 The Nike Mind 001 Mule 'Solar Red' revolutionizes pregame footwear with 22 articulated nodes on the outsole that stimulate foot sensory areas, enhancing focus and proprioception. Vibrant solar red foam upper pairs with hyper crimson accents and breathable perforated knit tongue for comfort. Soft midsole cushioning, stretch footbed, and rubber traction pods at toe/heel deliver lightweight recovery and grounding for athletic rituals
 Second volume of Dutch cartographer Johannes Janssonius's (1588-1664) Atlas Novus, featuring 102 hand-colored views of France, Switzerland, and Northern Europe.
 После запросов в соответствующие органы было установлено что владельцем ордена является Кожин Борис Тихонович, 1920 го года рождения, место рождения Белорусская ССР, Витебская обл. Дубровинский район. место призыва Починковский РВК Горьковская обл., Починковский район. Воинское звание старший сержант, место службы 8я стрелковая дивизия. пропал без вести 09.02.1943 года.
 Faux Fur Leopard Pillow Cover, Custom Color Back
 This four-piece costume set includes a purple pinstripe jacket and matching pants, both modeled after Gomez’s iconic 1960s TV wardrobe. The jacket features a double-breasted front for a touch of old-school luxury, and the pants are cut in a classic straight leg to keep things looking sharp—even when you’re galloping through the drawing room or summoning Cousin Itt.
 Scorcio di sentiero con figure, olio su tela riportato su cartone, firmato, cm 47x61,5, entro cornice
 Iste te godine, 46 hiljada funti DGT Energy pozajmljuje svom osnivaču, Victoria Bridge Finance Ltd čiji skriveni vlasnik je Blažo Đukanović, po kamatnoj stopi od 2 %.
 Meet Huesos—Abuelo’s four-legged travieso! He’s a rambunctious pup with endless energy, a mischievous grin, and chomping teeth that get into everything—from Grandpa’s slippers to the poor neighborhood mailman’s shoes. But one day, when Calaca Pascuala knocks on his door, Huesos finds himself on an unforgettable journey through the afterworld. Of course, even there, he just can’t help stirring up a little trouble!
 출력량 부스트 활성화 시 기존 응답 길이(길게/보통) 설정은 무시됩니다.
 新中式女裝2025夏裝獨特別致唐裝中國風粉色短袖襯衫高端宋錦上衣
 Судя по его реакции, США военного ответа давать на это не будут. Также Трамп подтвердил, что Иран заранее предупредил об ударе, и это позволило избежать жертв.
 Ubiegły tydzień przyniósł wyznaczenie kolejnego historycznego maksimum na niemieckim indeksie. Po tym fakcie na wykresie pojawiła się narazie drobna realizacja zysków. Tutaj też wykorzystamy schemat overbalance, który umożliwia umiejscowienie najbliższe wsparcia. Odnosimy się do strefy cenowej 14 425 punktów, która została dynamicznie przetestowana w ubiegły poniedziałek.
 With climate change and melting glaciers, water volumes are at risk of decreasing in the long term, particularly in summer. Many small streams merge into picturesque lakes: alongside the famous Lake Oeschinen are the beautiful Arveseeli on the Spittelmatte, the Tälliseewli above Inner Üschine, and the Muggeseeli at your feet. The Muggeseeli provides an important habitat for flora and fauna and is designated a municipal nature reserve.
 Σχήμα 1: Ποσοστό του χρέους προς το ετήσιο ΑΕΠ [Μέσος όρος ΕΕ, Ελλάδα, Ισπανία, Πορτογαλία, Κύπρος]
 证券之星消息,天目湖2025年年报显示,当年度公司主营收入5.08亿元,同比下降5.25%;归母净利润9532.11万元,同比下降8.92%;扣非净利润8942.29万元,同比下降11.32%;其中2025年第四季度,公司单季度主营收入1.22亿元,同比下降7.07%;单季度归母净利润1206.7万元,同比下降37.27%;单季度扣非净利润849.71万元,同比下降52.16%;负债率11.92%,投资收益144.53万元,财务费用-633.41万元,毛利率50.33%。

__Task instructions__: Wherever the string "when" occurs in the records above, copy that line.

__Solution for this task__:
 This four-piece costume set includes a purple pinstripe jacket and matching pants, both modeled after Gomez’s iconic 1960s TV wardrobe. The jacket features a double-breasted front for a touch of old-school luxury, and the pants are cut in a classic straight leg to keep things looking sharp—even when you’re galloping through the drawing room or summoning Cousin Itt.
 Meet Huesos—Abuelo’s four-legged travieso! He’s a rambunctious pup with endless energy, a mischievous grin, and chomping teeth that get into everything—from Grandpa’s slippers to the poor neighborhood mailman’s shoes. But one day, when Calaca Pascuala knocks on his door, Huesos finds himself on an unforgettable journey through the afterworld. Of course, even there, he just can’t help stirring up a little trouble!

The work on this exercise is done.